Stored dataset items:
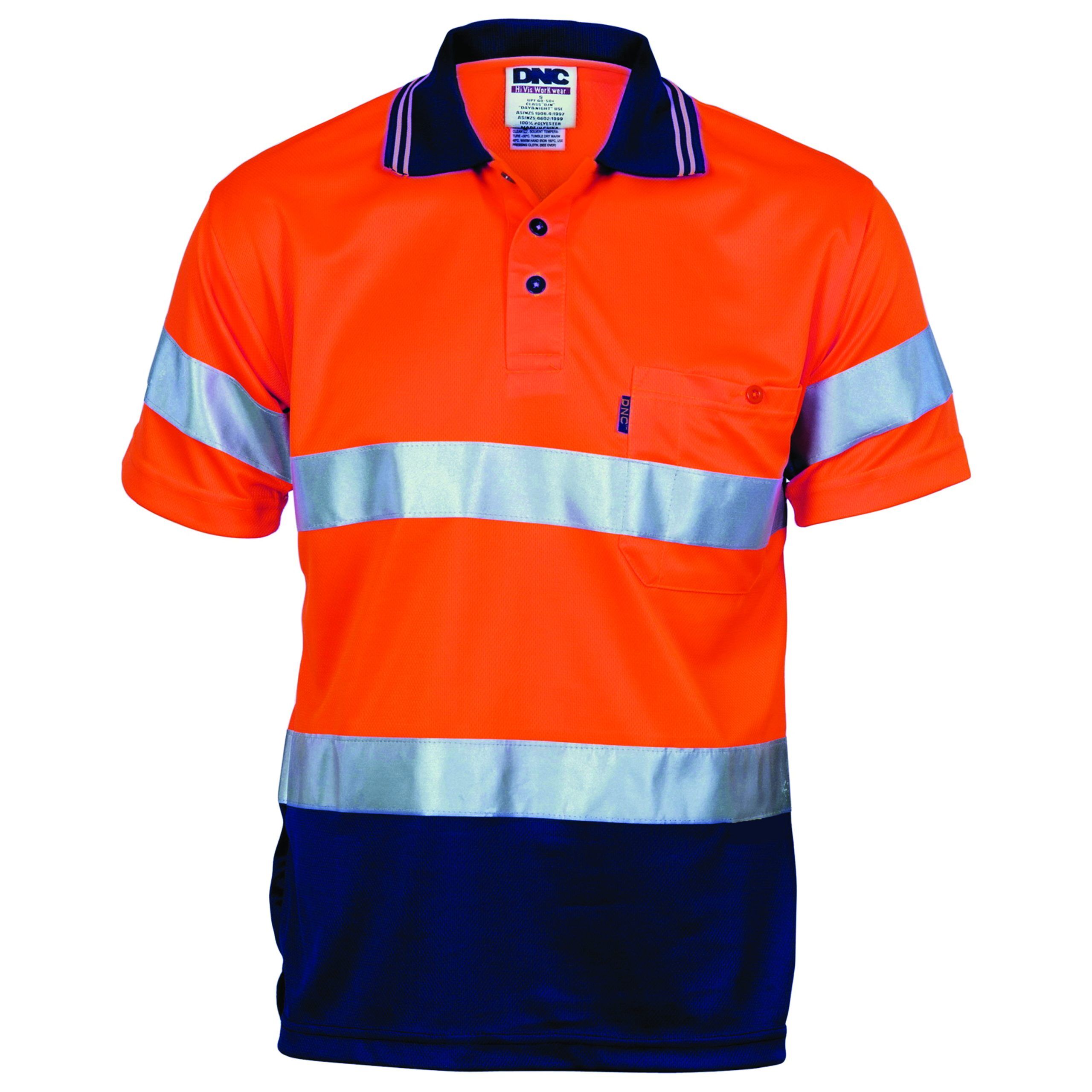 DNC Workwear – DNC-3715 – HiVis D/D Cool Breathe Polo Shirt With CSR R/Tape – Short Sleeve
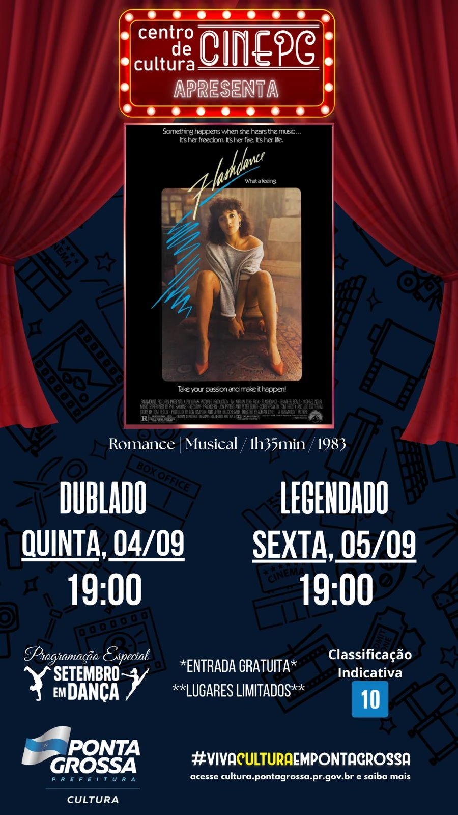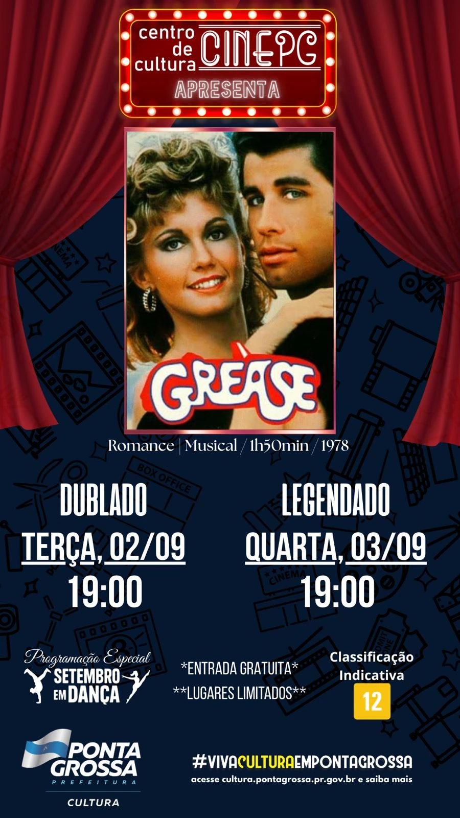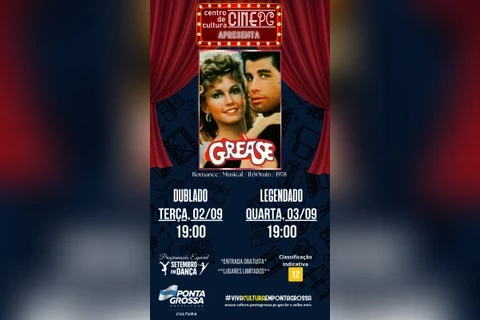 COM ASSESSORIAS - O CinePG traz nesta semana para o público ponta-grossenses dois musicais que marcaram época na história do cinema: Grease – Nos tempos da brilhantina, de 1978 (Terça e quarta); e Flashdance, de 1983 (Quinta e sexta). As sessões acontecem sempre a partir das 19 horas e a entrada é franca. A promoção é da Prefeitura de Ponta Grossa, através da Secretaria Municipal de Cultura.
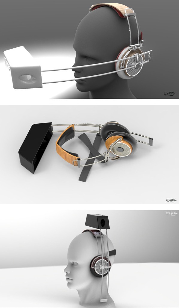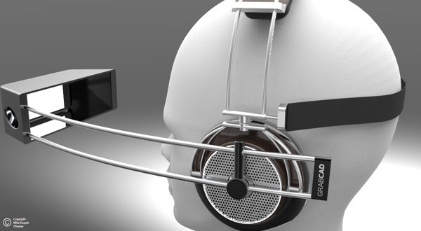 L'iPhone 5 est placé dans un espèce de boitier, à bonne distance des yeux, le boitier est suffisamment profond pour éviter les reflets et c'est un casque bluetooth qui tient l'ensemble, le boitier pouvant pivoter au dessus du casque comme on le faisait à l'époque des premiers micros casques.
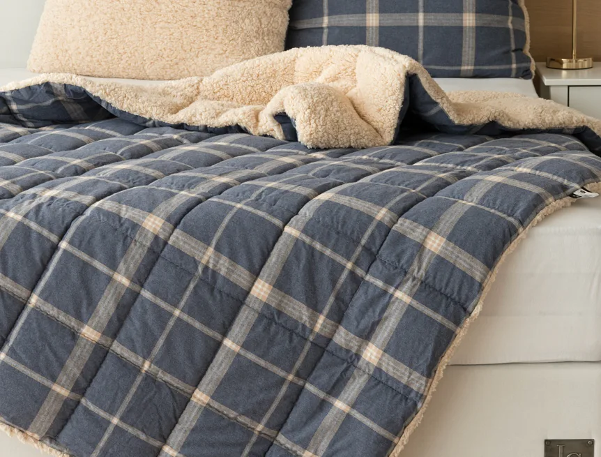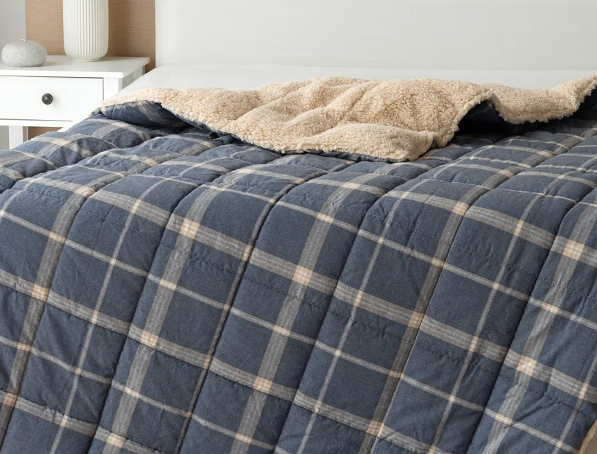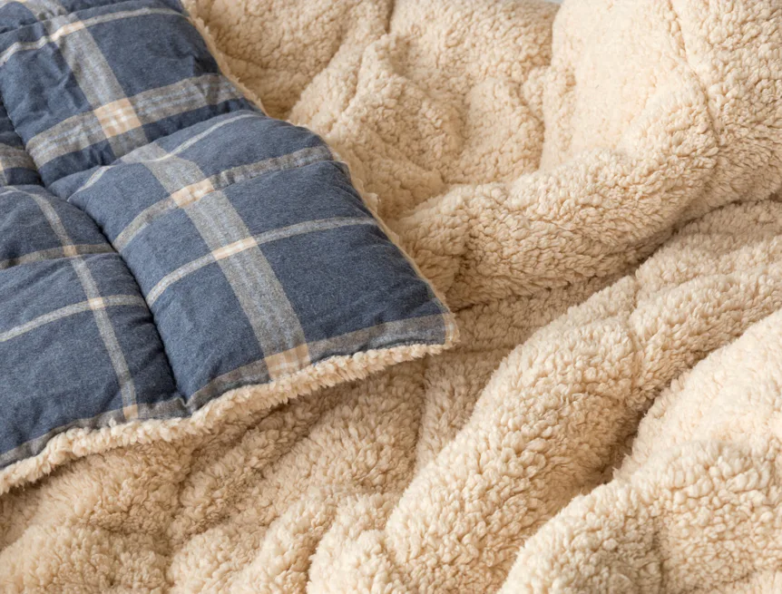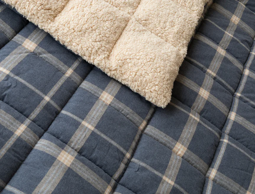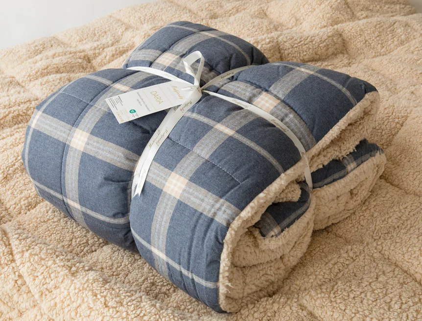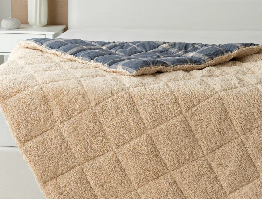 Nová kolekcia prešívaných flanelových prikrývok s baránkom vám zaistí jedinečný tepelný komfort a úžasné pohodlie behom sychravých dní, chladných večerov a zimných nocí. Vrchnú stranu prešívanej deky tvorí hebký flanel s jemným chlpom, spodnú stranu pokrýva hrejivý nadýchaný baránok. Vnútornú výplň s plošnou gramážou 250 g/m2 tvorí mikrogelové polyesterové nano vlákno, ktoré je priedušné a ľahké. Stabilitu výplne zaisťuje precízne prešitie po celej ploche.
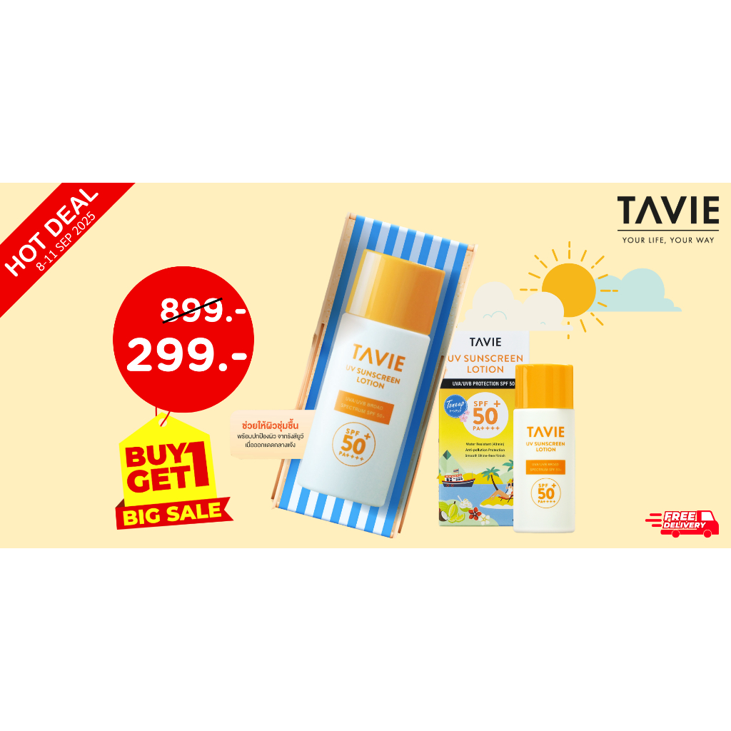 ทาวี่ ยูวี ซันสกรีน โลชั่น TAVIE UV Sunscreen Lotion SPF 50+ PA++++
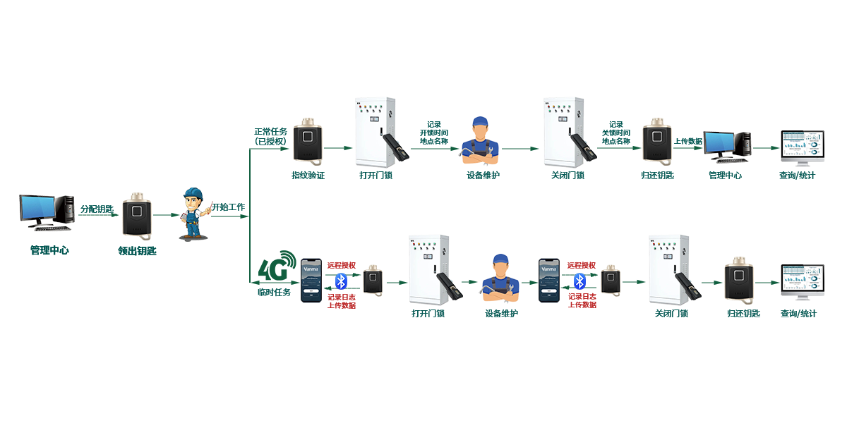作業過程管理電子鑰匙記錄開關鎖時間,作業過程有據可依。

** Task goal **
Take every entry and repeat it verbatim, minus the pictures.

** Expected answer **
 DNC Workwear – DNC-3715 – HiVis D/D Cool Breathe Polo Shirt With CSR R/Tape – Short Sleeve
 COM ASSESSORIAS - O CinePG traz nesta semana para o público ponta-grossenses dois musicais que marcaram época na história do cinema: Grease – Nos tempos da brilhantina, de 1978 (Terça e quarta); e Flashdance, de 1983 (Quinta e sexta). As sessões acontecem sempre a partir das 19 horas e a entrada é franca. A promoção é da Prefeitura de Ponta Grossa, através da Secretaria Municipal de Cultura.
 L'iPhone 5 est placé dans un espèce de boitier, à bonne distance des yeux, le boitier est suffisamment profond pour éviter les reflets et c'est un casque bluetooth qui tient l'ensemble, le boitier pouvant pivoter au dessus du casque comme on le faisait à l'époque des premiers micros casques.
 Nová kolekcia prešívaných flanelových prikrývok s baránkom vám zaistí jedinečný tepelný komfort a úžasné pohodlie behom sychravých dní, chladných večerov a zimných nocí. Vrchnú stranu prešívanej deky tvorí hebký flanel s jemným chlpom, spodnú stranu pokrýva hrejivý nadýchaný baránok. Vnútornú výplň s plošnou gramážou 250 g/m2 tvorí mikrogelové polyesterové nano vlákno, ktoré je priedušné a ľahké. Stabilitu výplne zaisťuje precízne prešitie po celej ploche.
 ทาวี่ ยูวี ซันสกรีน โลชั่น TAVIE UV Sunscreen Lotion SPF 50+ PA++++
作業過程管理電子鑰匙記錄開關鎖時間,作業過程有據可依。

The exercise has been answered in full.